This thread is years old...

@Gujjula Ramesh Reddy 2017-03-26 06:19:13

This is used for your Custom Objects list

   public List<Contact> removeDuplicates(List<Contact> list) {
    // Set set1 = new LinkedHashSet(list);
    Set set = new TreeSet(new Comparator() {

        @Override
        public int compare(Object o1, Object o2) {
            if (((Contact) o1).getId().equalsIgnoreCase(((Contact) o2).getId()) /*&&
                    ((Contact)o1).getName().equalsIgnoreCase(((Contact)o2).getName())*/) {
                return 0;
            }
            return 1;
        }
    });
    set.addAll(list);

    final List newList = new ArrayList(set);
    return newList;
}

@Nenad Bulatovic 2016-11-04 09:47:10

You can also do it this way, and preserve order:

// delete duplicates (if any) from 'myArrayList'
myArrayList = new ArrayList<String>(new LinkedHashSet<String>(myArrayList));

@ByWaleed 2019-03-13 09:59:38

I think this is the best way of removing duplicated in an ArrayList. Definitely recommended. Thank you @Nenad for the answer.

@Craig P. Motlin 2015-12-10 14:46:58

If you're willing to use a third-party library, you can use the method distinct() in Eclipse Collections (formerly GS Collections).

ListIterable<Integer> integers = FastList.newListWith(1, 3, 1, 2, 2, 1);
Assert.assertEquals(
    FastList.newListWith(1, 3, 2),
    integers.distinct());

The advantage of using distinct() instead of converting to a Set and then back to a List is that distinct() preserves the order of the original List, retaining the first occurrence of each element. It's implemented by using both a Set and a List.

MutableSet<T> seenSoFar = UnifiedSet.newSet();
int size = list.size();
for (int i = 0; i < size; i++)
{
    T item = list.get(i);
    if (seenSoFar.add(item))
    {
        targetCollection.add(item);
    }
}
return targetCollection;

If you cannot convert your original List into an Eclipse Collections type, you can use ListAdapter to get the same API.
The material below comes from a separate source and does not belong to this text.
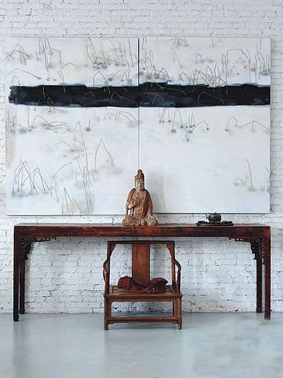条案是礼仪性很强的家具,陈设非常灵活,明清时期人们常将其设于正厅之内,上配中堂,前配方桌、对椅,侧间设案者多位于窗前或山墙处,上置花瓶、座钟和梳妆用具等物品,特别是书斋、画室、闺阁、佛堂等高雅场合更为多见,其上或摆书函、文具,或放画轴、字帖,或陈鼎彝雅物,或置香薰、拂尘等,旨在与室内装潢和其他家具协调统一,从而形成高雅和谐的布局效果。

MutableList<Integer> distinct = ListAdapter.adapt(integers).distinct();

Note: I am a committer for Eclipse Collections.

@stbn 2010-12-28 16:07:10

Here's a way that doesn't affect your list ordering:

ArrayList l1 = new ArrayList();
ArrayList l2 = new ArrayList();

Iterator iterator = l1.iterator();

        while (iterator.hasNext())
        {
            YourClass o = (YourClass) iterator.next();
            if(!l2.contains(o)) l2.add(o);
        }

l1 is the original list, and l2 is the list whithout repeated items (Make sure YourClass has the equals method acording to what you want to stand for equality)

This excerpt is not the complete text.